About $1.4 billion in redevelopment funds for low- and moderate-income housing would continue to be spent for those purposes under legislation approved today by the Assembly.
Assembly Speaker John A. Pérez crafted the legislation, Assembly Bill 1585, to help ease the transition in the wake of last year's decision to dissolve local redevelopment agencies in capturing funding for state coffers.
AB 1585 was approved by the Assembly, 56-7, receiving two more votes than the supermajority required for passage as an urgency measure.
Five Republicans bucked their GOP colleagues to vote yes: Cameron Smyth of Santa Clarita, Nathan Fletcher of San Diego, Katcho Achadjian of San Luis Obispo, Jeff Miller of Corona, and Kevin Jeffries of Lake Elsinore.
Perez's bill would take effect immediately if passed by the Senate and signed by Gov. Jerry Brown.
A key element of AB 1585 would transfer balances in redevelopment low- and moderate-income housing funds to local housing agencies to be spent for affordable housing.
The bill provides an incentive for local government to allocate the housing funds relatively quickly: 80 percent of the money must be committed within two years and spent within four years.

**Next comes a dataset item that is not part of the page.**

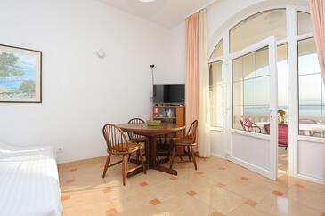 Ferienwohnung bietet Platz für 3 Gäste. Die Betten sind in Schlafzimmern, die es 1 gibt, und in Esszimmer, innerhalb einer Gesamtfläche von 33m2, angeordnet. Die Gäste haben eine eigene Terrasse zur Verfügung, auf der sie in warmen Sommernächten genießen können. Das Apartment bietet Meerblick. In der Unterkunftseinheit besteht die Möglichkeit des Mitbringens von Haustieren, und die Dienstleistung ist im Preis der Unterkunft enthalten.

Funds that remain uncommitted after four years must be transferred to the state Department of Housing and Community Development for use on low-income housing programs in the county from which they came.
Absent AB 1585 - or similar legislation -- the $1.4 billion would be spent on other local government services as redevelopment agencies dissolve, according to a legislative analysis of the bill.
Pérez's measure now goes to the Senate.
* Corrected at 5:10 p.m. to show that five Republicans voted yes, not four. The fifth was Kevin Jeffries of Lake Elsinore.